[…] it uses the X25519 public key… as a symmetric key, for AES-GCM.
[…] anyone that knows the public key can decrypt it.Ouch.
I’m OOTL, why do people want an alternative to Signal? It thought that was the good app
You need a phone number for Signal which means that your mobile provider will have your location, your IMSI, your mobile device model, serial number if you are using a T-Mobile or any other Telco" supplied device.
If not then via the IMSI / mobile number they can get your location and details from Google / Apple etc and that not even considering your IP-Address
Any time that there is a unique real world identifier the owner can be located. The only way around this would be to use something like Briar that use cryptographic uniqueness and that communicates via Onion like multihop anonymizers (TOR etc) from the outset.
It’s centralized, it doesn’t officially allow 3rd-party clients, it requires a phone number, and the desktop app kinda sucks. I use it anyway, but it could be better.
The “centralized” part is not a problem with their protocol and it’s well explained.
The 3rd-party clients thing … I agree with, but one can find justifications for that too. They probably don’t want people to use it for filesharing with uuencode and base64. Or even for VPNs, like they did with Tox when it seemed to have a future.
The phone number thing sucks, but there’s a need to defend against bot registrations somehow.
The desktop app sucks absolutely and conclusively. If there were a library one can use to make a Pidgin plugin, it would be a godly gift.

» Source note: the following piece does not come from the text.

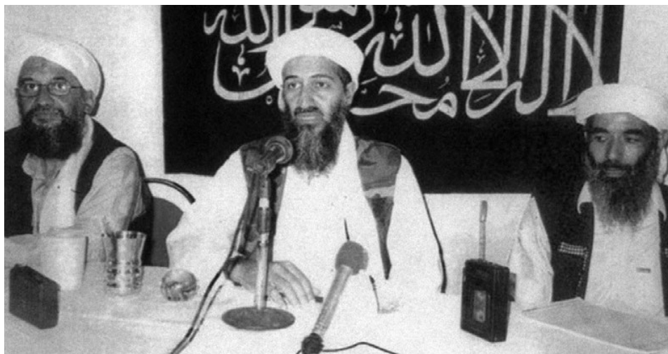
Rys. 1. Goście audycji propagującej przez internet terroryzm

tylko o potomków muzułmańskich imigrantów ulegających radykalizacji religijnej i ideologicznej, ale również o młodych ludzi zafascynowanych nową religią i nową ideologią. Minister bezpieczeństwa USA, Michael Chertoff, składając wyjaśnienia przed senacką Komisją Bezpieczeństwa Wewnętrznego i Spraw Rządowych, powiedział, że internet jest obecnie głównym medium, przez które Al-Kaida zdobywa zwolenników w USA.

Not just sucks, but is limited. Like, you can’t even register there! To use Signal without a smartphone, you’d need workarounds that are unfriendly to an average person! All while a computer is far easier to make private than a phone.
What are everyone’s thoughts on Molly, advertised as a hardened fork of Signal?
I’ve been using it for several months mostly due to it’s UnifiedPush notifications support and been really happy with it.
I’ve used it because it actually allowed me to register, while the registration in the official app broke (my best guess is due to lack of Google services, because that’s the popup the app got stuck on). And if I knew about it earlier, I could’ve used it to register in an Android VM and then tie a desktop client - because unlike the original, it did not force you to use your camera, you could just use a link. Another important quality for me is the ability to use arbitrary Socks rather than Signal’s own - when every protocol has a chance to be blocked, flexibility is important, and having a standalone proxy may be more convenient than a whole-device VPN (that you’d have to keep on all the time to receive notifications).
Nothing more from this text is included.